Some of the issues that determine external validity are relevant to the distinction
between pragmatic trials and explanatory trials [2], but it would be wrong to assume
that pragmatic trials necessarily have greater external validity than explanatory
trials. For example, broad eligibility criteria, limited collection of baseline data,
and inclusion of centres with a range of expertise and differing patient populations
have many advantages, but they can also make it very difficult to generalise the overall
average effect of treatment to a particular clinical setting.
The Setting of the Trial
A detailed understanding of the setting in which a trial is performed, including any
peculiarities of the health-care system in particular countries, can be essential
in judging external validity. The potential impact of differences between health-care
systems is illustrated by the analysis of the results of the European Carotid Surgery
Trial (ECST) [3], an RCT of endarterectomy for recently symptomatic carotid stenosis,
in Figure 1. National differences in the speed with which patients were investigated,
with a median delay from last symptoms to randomisation of greater than two months
in the United Kingdom (slow centres) compared with three weeks in Belgium and Holland
(fast centres), resulted in very different treatment effects in these different health-care
systems—due to the shortness of the time window for effective prevention of stroke.

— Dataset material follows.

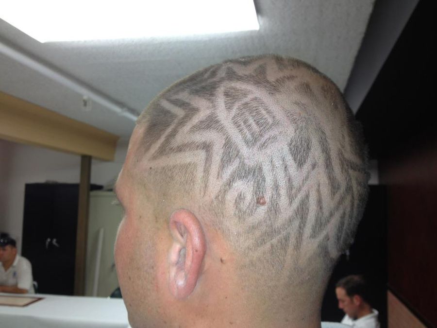 From Ryan, who says this was a fourth of July design meant to look like a firework. Ryan also that at the time of the e-mail, it was the friend's birthday the next day, so Ryan wanted him mocked on the internet as a gift. But now it's about six weeks later. Oops. Nice haircut, ya dummy!

Similar differences in performance between health-care systems will exist for other
conditions, and there is, of course, the broader issue of how trials done in the developed
world apply in the developing world. Moreover, other differences between countries
in the methods of diagnosis and management of disease—which can be substantial—or
important racial differences in pathology and natural history of disease also affect
the external validity of RCTs. A good example is the heterogeneity of results of trials
of bacilli calmette guerin vaccination in prevention of tuberculosis, with a progressive
loss of efficacy (p < 0.0001) and with decreasing latitude [4].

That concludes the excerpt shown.